• **PROVIDED RECORDS**
_ _ _ _ _ _ _
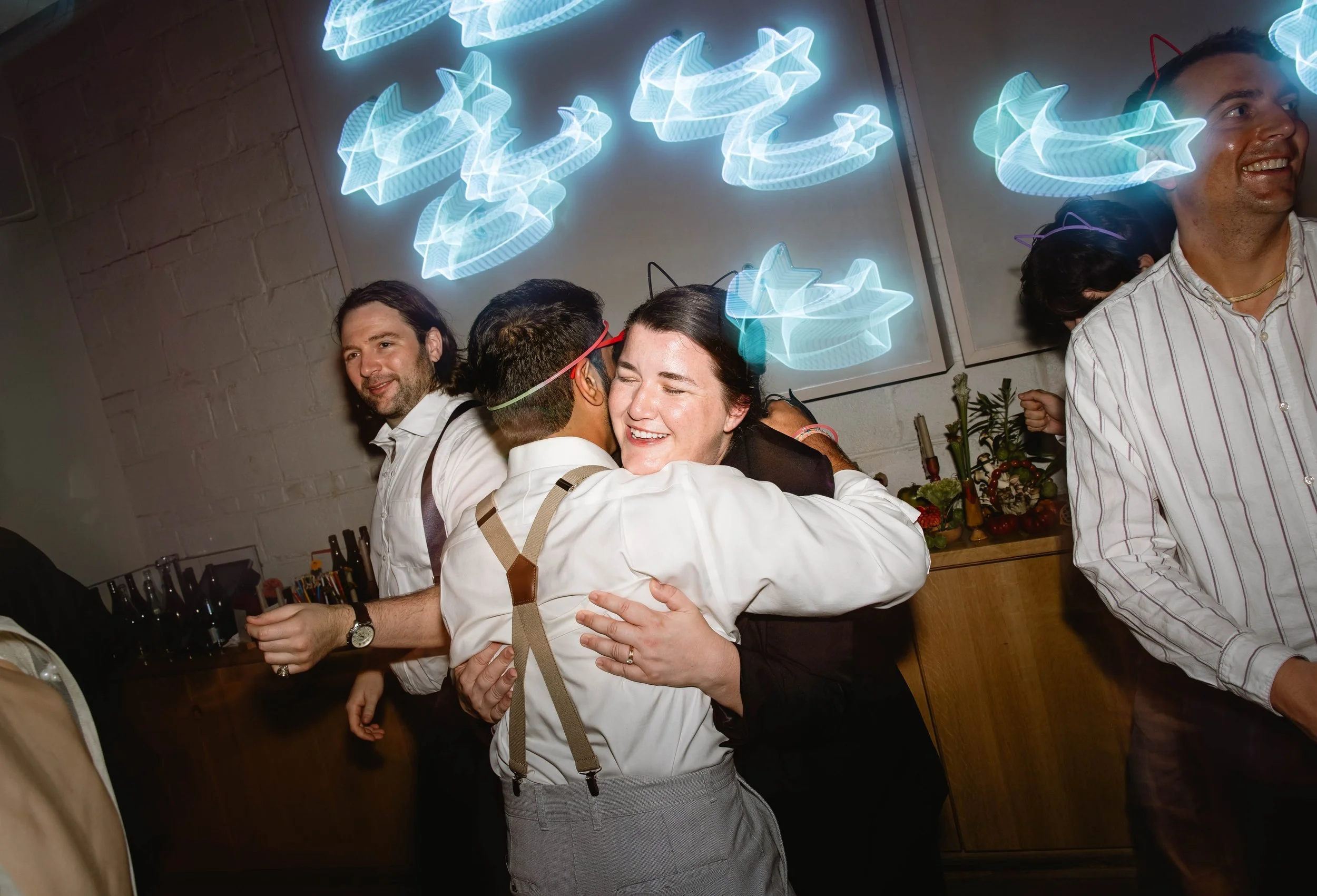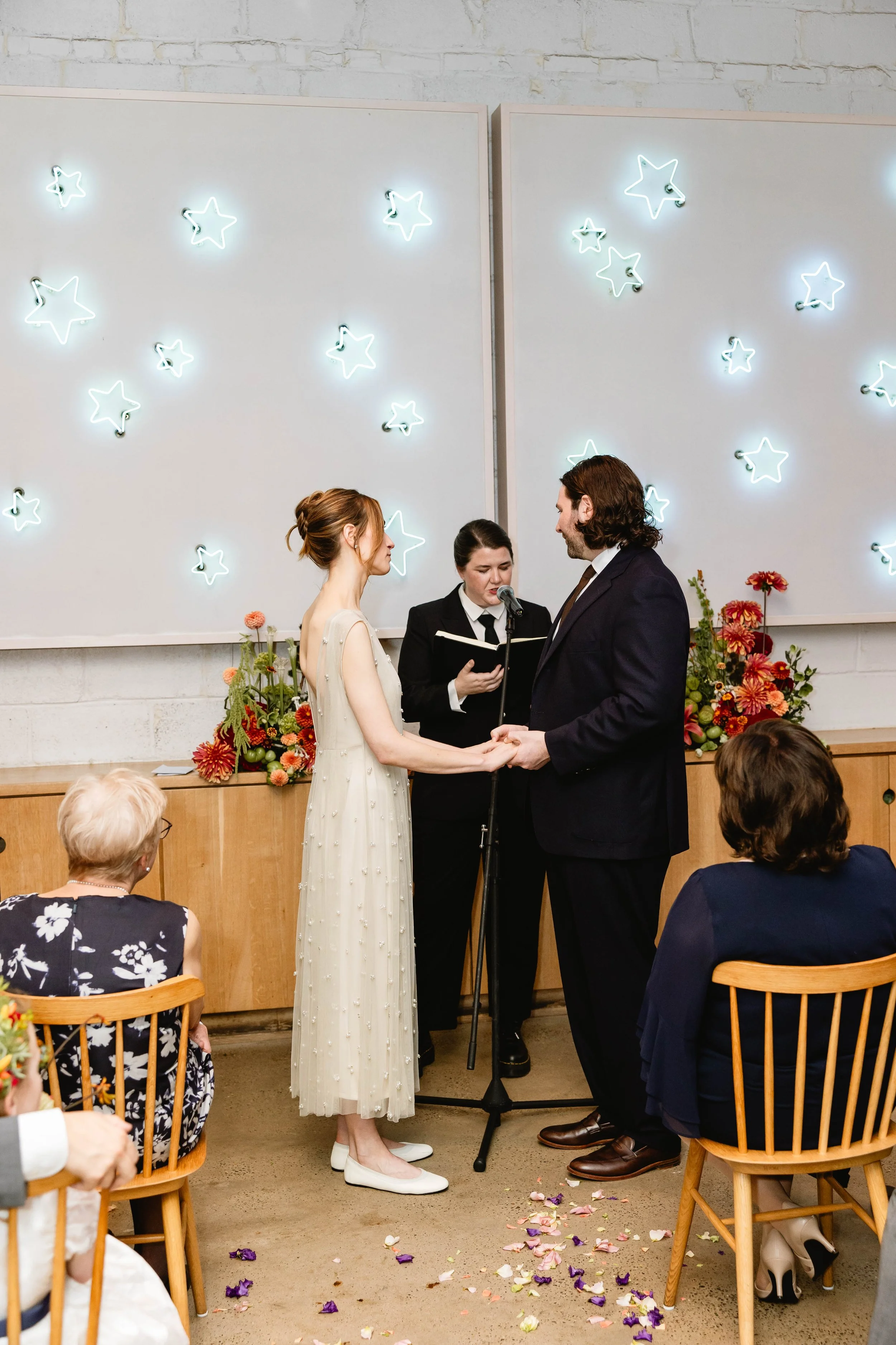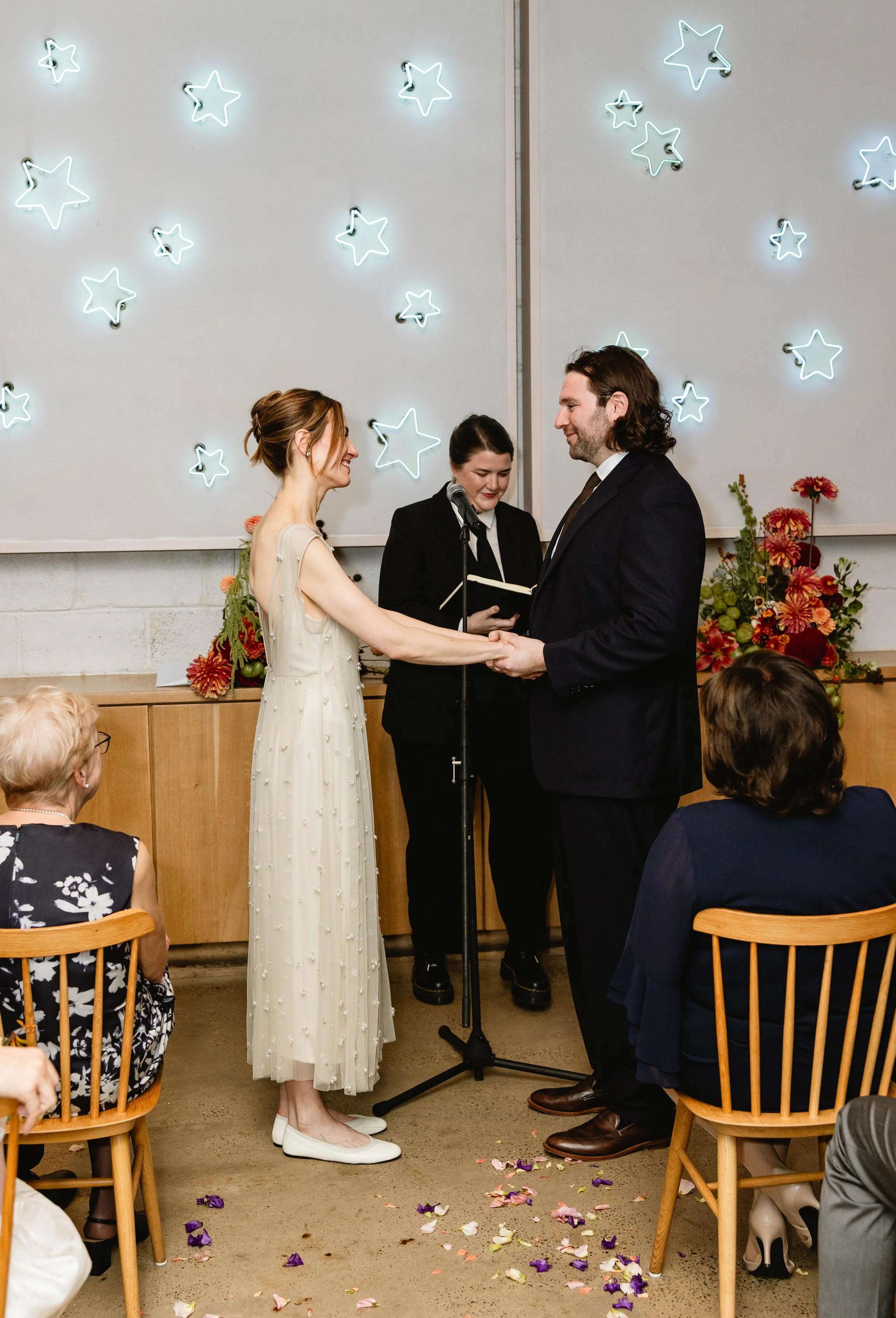 Pizzeria Beddia provided the most special, fun, and unique setting. Kirby and Ryan said their vows in front of the “star wall”, adorned with neon star lights, and above the bar was the famous smiley cloud chandelier. Guests enjoyed cocktail hour on the outdoor terrace and bar area, while we flipped the ceremony space for dinner. After dinner, we transformed the space again, clearing the tables to form the dance floor for an epic party.
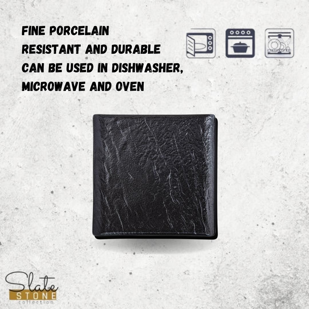 Die quadratische Form und die schwarze SlateStone Optik sorgen für eine moderne und elegante Präsentation. Der Teller harmoniert mit klassischen und modernen Tischdekorationen.
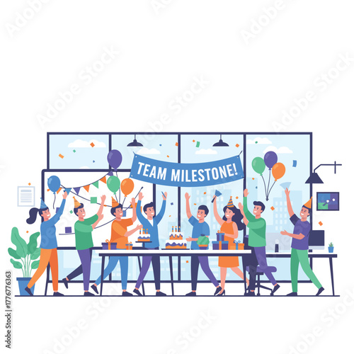 Fototapeta premium Office scene of people decorating the workplace, teamwork, celebration
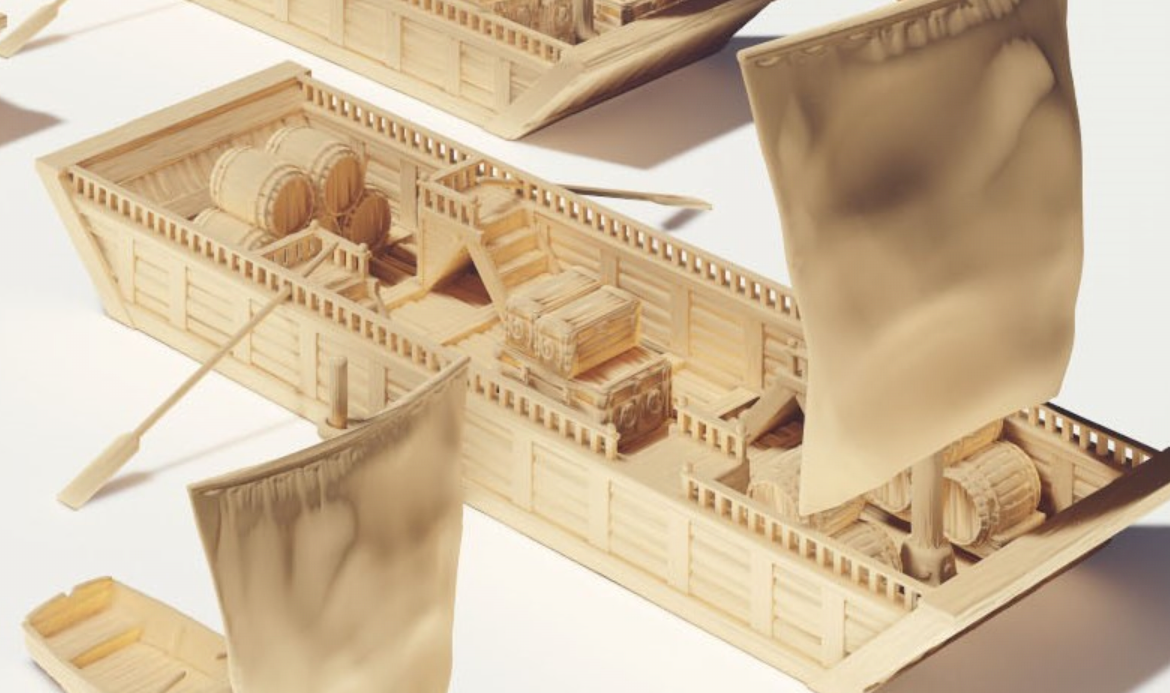 Barque 2: 200mmx122mmx375mm (Comes in 5 pieces and includes a sail, large deck, oars, barrels, boxes)
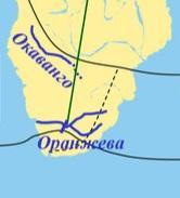 Ця річка не впадає ні в море, ні в озеро. Натомість вона, петляючи численними лабіринтами каналів, втрачає 95% вологи при випаровуванні і зникає в болотах на північному заході пустелі Калахарі.
_ _ _ _ _ _ _
• **TASK GOAL**
In the records above, take every line from the opening one through the line with "Barque 2: 200mmx122mmx375mm" and repeat it exactly; pictures are not part of the copy.

• **EXERCISE SOLUTION**
 Pizzeria Beddia provided the most special, fun, and unique setting. Kirby and Ryan said their vows in front of the “star wall”, adorned with neon star lights, and above the bar was the famous smiley cloud chandelier. Guests enjoyed cocktail hour on the outdoor terrace and bar area, while we flipped the ceremony space for dinner. After dinner, we transformed the space again, clearing the tables to form the dance floor for an epic party.
 Die quadratische Form und die schwarze SlateStone Optik sorgen für eine moderne und elegante Präsentation. Der Teller harmoniert mit klassischen und modernen Tischdekorationen.
 Fototapeta premium Office scene of people decorating the workplace, teamwork, celebration
 Barque 2: 200mmx122mmx375mm (Comes in 5 pieces and includes a sail, large deck, oars, barrels, boxes)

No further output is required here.